Prepping the next session is something like that (I know it's not the main question here, but I noticed that to late and I don't want to delete it :D):

So what I do:
  1. read the stuff, I have to know for the upcoming adventure
  2. I prep 3 to 5 encounters ahead, so the PCs can't get pass me
    • >> everything that "happens to the players" is in my head an encounter (german "Begegnung")
  3. prep every encounter
    1. CL the first
      1. What comes next >> session notes from the last encounter
      2. "Transferring" the basic infos of the encounters from the written adventure to CL
    2. CL the second
      1. What is the dramatic question for this encounter?
      2. What is the hook for the PCs?
      3. Where das "conflict" come from?
        • >> Fate specific >> which aspects of the players might I be able to compell
      4. When does the encounter end?
      5. 4 to 10 decisions points (for non combat encounters)
    3. putting all the stuff in foundryvtt
      1. map (I'm always using a map) (from my "stockpile" or creating a new one in dungeonfog, or in inkarnate)
      2. npcs (pictures from my stockpiles, (pinterest, patreon)
      3. short infos for the players
      4. ...
  4. let's play :D



 

Stephan Hornick

Community Goblin & Master of the Archive
Platinum WoA
Wizard of Story
Wizard of Combat
Borderland Explorer
So, I just prepared a hook for a campaign. Actually, I was inspired by Jordan's thread and here it is what I created in a couple of minutes:
A technocrat roman emperor fighting off an otherwordly evil by corruption and force

My steps were easy for me. I'm a very visual guy, so I imagine already scenes and locations and how NPCs might talk or how stories go, even if I just read "roman empire" or "otherworldy evil" and soon connections are created between those factions. Yes, factions, motivations and cinematic impression is what leads my stories on. I was intrigued by those words and the world of imagination just rushed at me.

Afterwards, I will tweak this or that relationship, but for the time being, I have for myself an impression about the tone and genre I want to create, maybe even about story I want to tell.

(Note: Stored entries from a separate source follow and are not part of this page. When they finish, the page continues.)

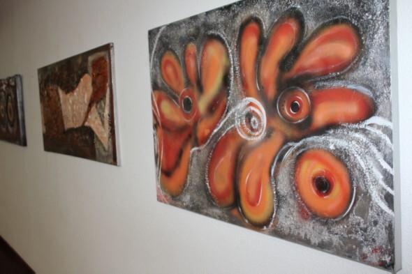 Ao todo são 24 telas de representações várias, desde flores a figuras humanas a outras mais abstractas, de um conceito ora mais visual ora mais material, onde o toque muitas vezes prevalece ao olhar, à observação visual, como no caso das montagens.
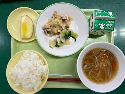 <今日の献立> ごはん 牛乳 豚肉の塩こうじ炒め かぶの色どり ワンタンスープ りんご
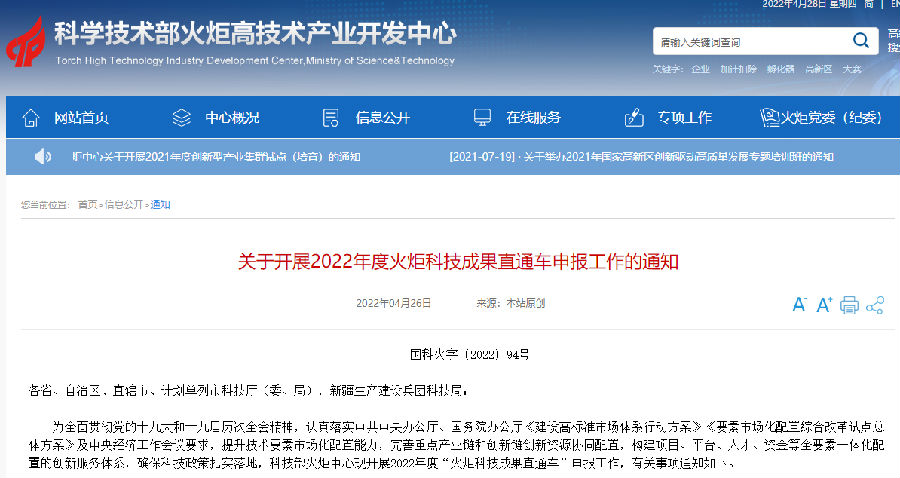关于开展2022年度火炬科技成果直通车申报工作的通知
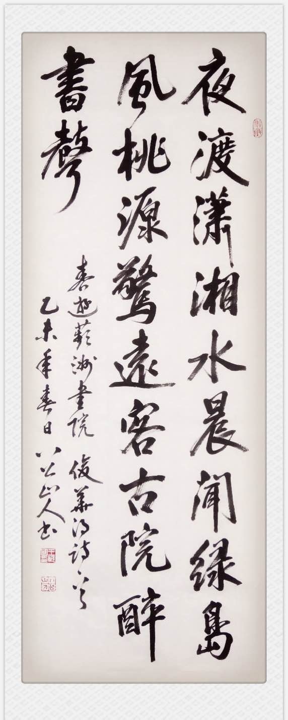 王世国行书俊华小诗《春游萍洲书院》 “夜渡潇湘水,晨闻绿岛风。桃源惊远客,古院醉书声。”
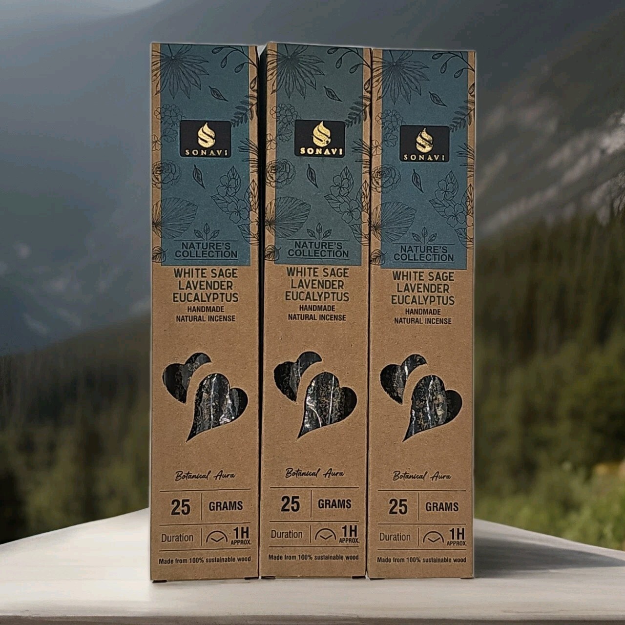 3 Boxes of Sonavi Premium Handcrafted White Sage, Lavender, Eucalyptus Incense Sticks. 25gm per box. 3 PACKS OF SONAVI WHITE SAGE LAVENDER EUCALYPTUS INCENSE. 25GM PER PACK Excluding Tax: $0.75 $9.95 Add To Cart Buy Now Call Us WhatsApp Description The product is a set of three packs of Sonavi White Sage Lavender Eucalyptus incense, each weighing 25gm. This high-quality incense is designed for adults and features a beautiful fragrance blend of white sage, lavender, and eucalyptus. Perfect for creating a calming and peaceful atmosphere, this incense is sure to enhance any space with its soothing scents. Ideal for those looking to add a touch of aromatherapy to their home. Delivery Orders are packed and shipped same day if the order is placed before 3:00p.m. Central Standard Time. All orders are shipped via standard delivery. If you require expedited delivery, please contact us.
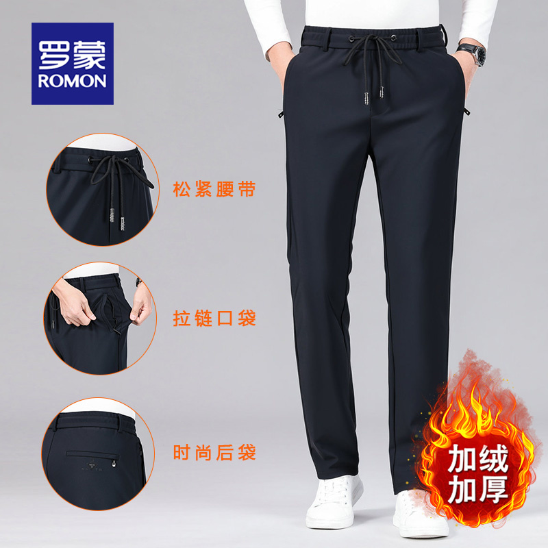 罗蒙男士直筒裤加绒新款松紧腰系绳高弹力拉链爸爸裤子中年男裤
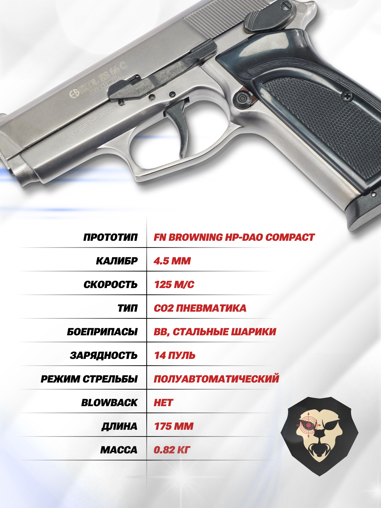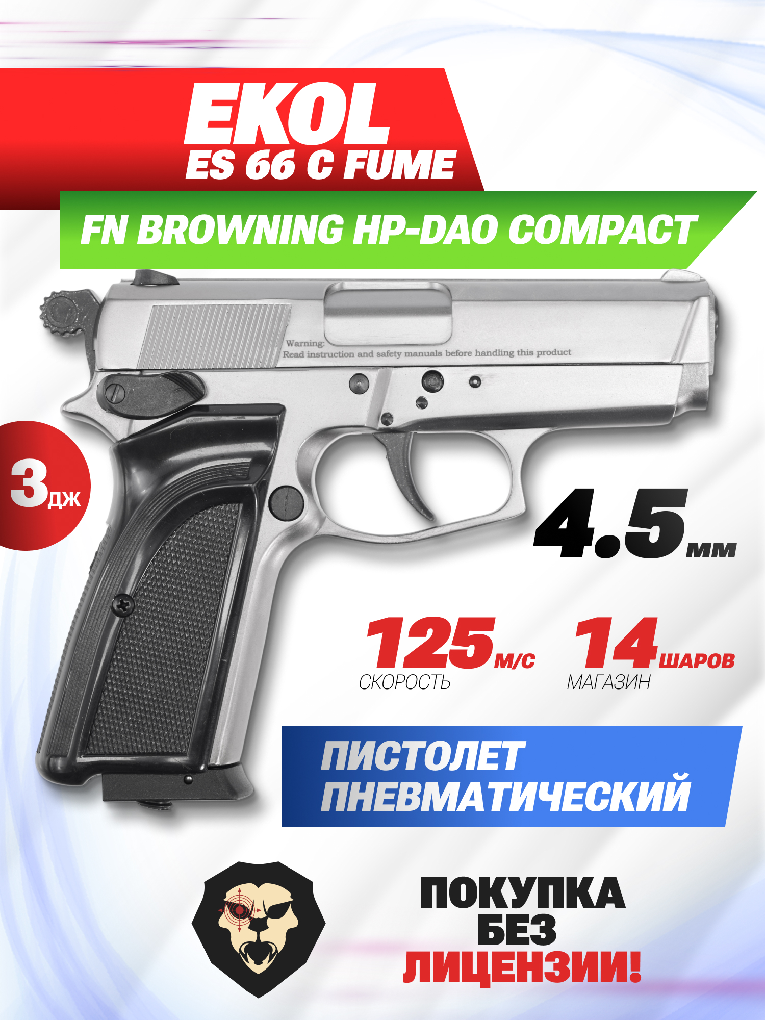 Пневматический пистолет Ekol ES 66 C Fume 4.5 мм (никель, ХП-ДАО Компакт) купить в интернет-магазине Popadiv10.
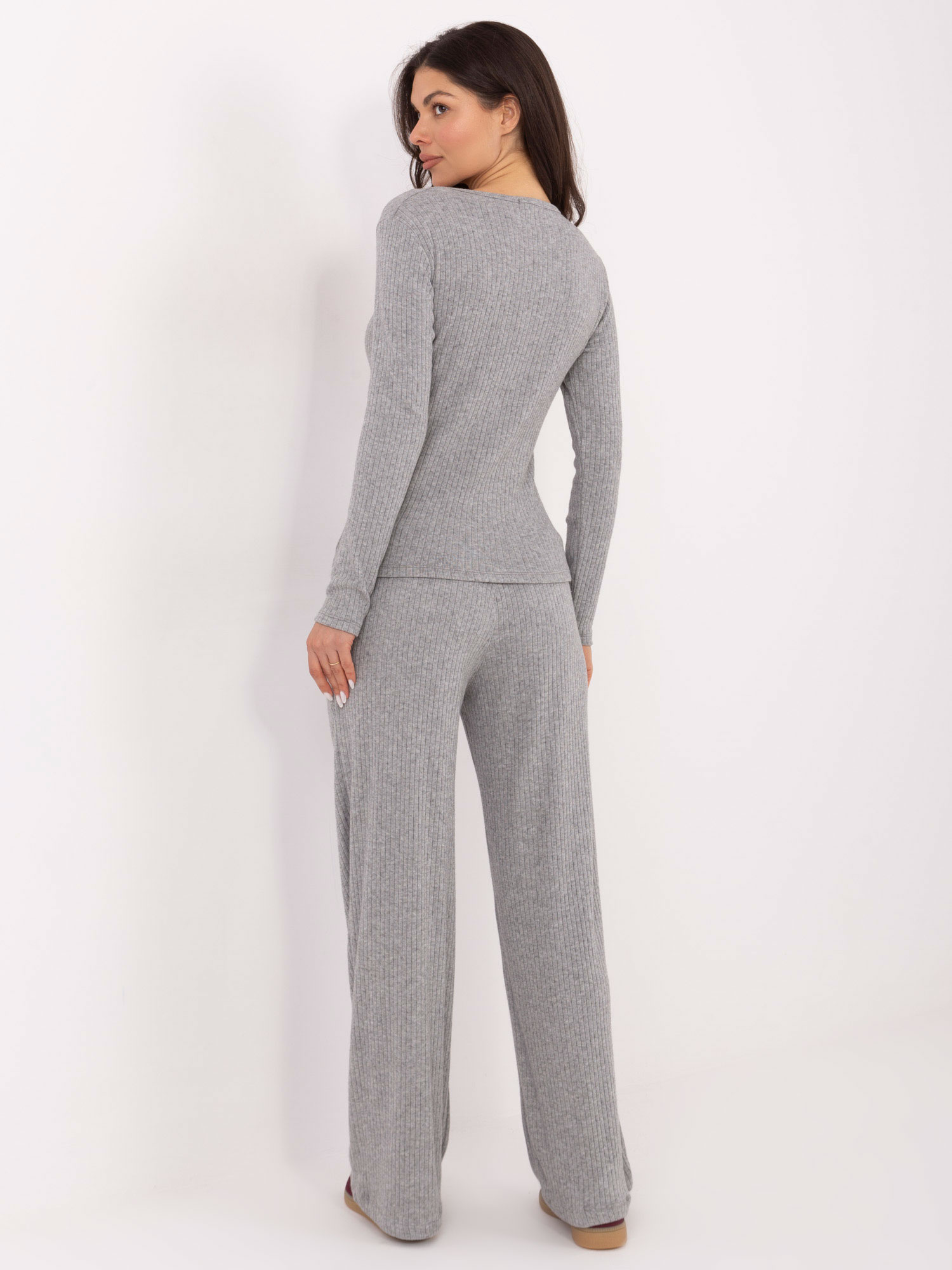 Szary prążkowany sweter z domieszką wiskozy

Second, I imagine the most interesting position the PCs could start in. An origin story so to speak. In presenting the leading factor of the campaign right at the beginning, I will make the course of the adventures clear. E.g. like I did in my summary above.

Third, usually I already have a couple of players who want to play, so finding them is not an issue. More to the point, it is mostly me who has no time to actually GM a new campaign...

And then, every other day my mind fills with ideas for the campaign and I write them down and get all hyped up and my players also. Until we eventually play the first session, I may already have written books about the world, NPCs, all kinds of things. I could already run the campaign for ages. And this is my mistake. I have hardly ever completed a campaign and it is nagging me and my players alike. And this is where I need to improve.

Roughly quoting @JohnnFour here: "What is the goal of a campaign? It is to complete it."